Im not a l33t hacker by any stretch, but I came under a situation where a company hired me to fix someone elses code. The product was encoded with an encoder and the original developer/company vanished. In the code the moron put a "phone home" check that failed because his website was gone.

Let's talk about two things here. Ethics and Protecting our work.

On the first hand, protecting our work is an important aspect of what we do as programmers. If we cannot reasonably protect our work, we would not make any $$ for our long hours. But when we take that too far, and place external dependencies in our products that are sold to customers, the customers end up losing and in some cases this can be a huge loss if that dependency fails.

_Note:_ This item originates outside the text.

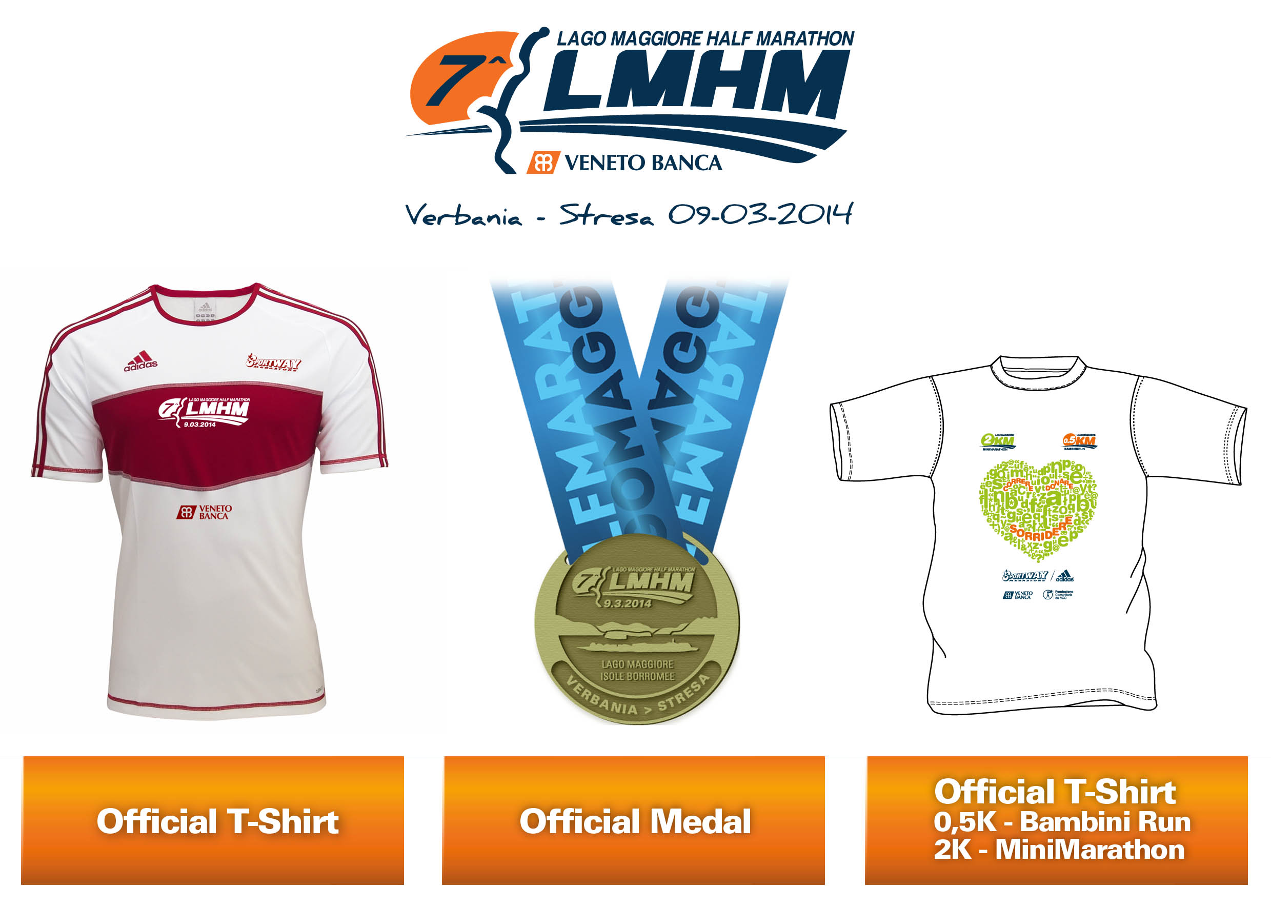 Questa importante modifica sembra essere stata apprezzata dai podisti, viste le numerose iscrizioni già pervenute: al momento, e lo sarà fino al 15 febbraio, la quota d’iscrizione è di 25,00 €; dal 16 febbraio al 28 febbraio il costo d’iscrizione sarà di € 30,00 €; ci si potrà iscrivere anche allo Sport Expo, che quest’anno sarà a Verbania, a Villa Giulia, il 7 e 8 marzo 2014, ma al costo ulteriormente maggiorato di € 40,00. Intanto sono stati presentati il gadget tecnico che sarà dato a tutti gli iscritti, una bellissima t-shirt tecnica adidas, e la medaglia con cui saranno premiati tutti i partecipanti alla settima edizione della Veneto Banca Lago Maggiore Half Marathon.

Ethically, one should not place outside dependencies on your product. You should not put "phone home" checks in your code. You cannot see the future. You may get hit by a bus or win the lottery, in either case you likely wont give a crap about your customers anymore... but you can be certain they care.

Anyway back to my story. So I had to decode this encoded stuff to remove the phone home to a dead server. If you studied how PHP itself works, and almost all interpreters are the same way, you would know that one must open the envelope to read the letter. PHP must parse the tree to deliver the content. Thus the tree MUST be available in source form at some point.

Thus, finding the right place in the PHP code to print out the source, and you've decoded it. That's what I had to do, and it turned out to be a one line addition

I dont know about other encoders, but encoders like this are easily bypassed.

Buyer beware

The probably only good one is Zend Encoder but its quite expensive. Others like already stated are easily cracked.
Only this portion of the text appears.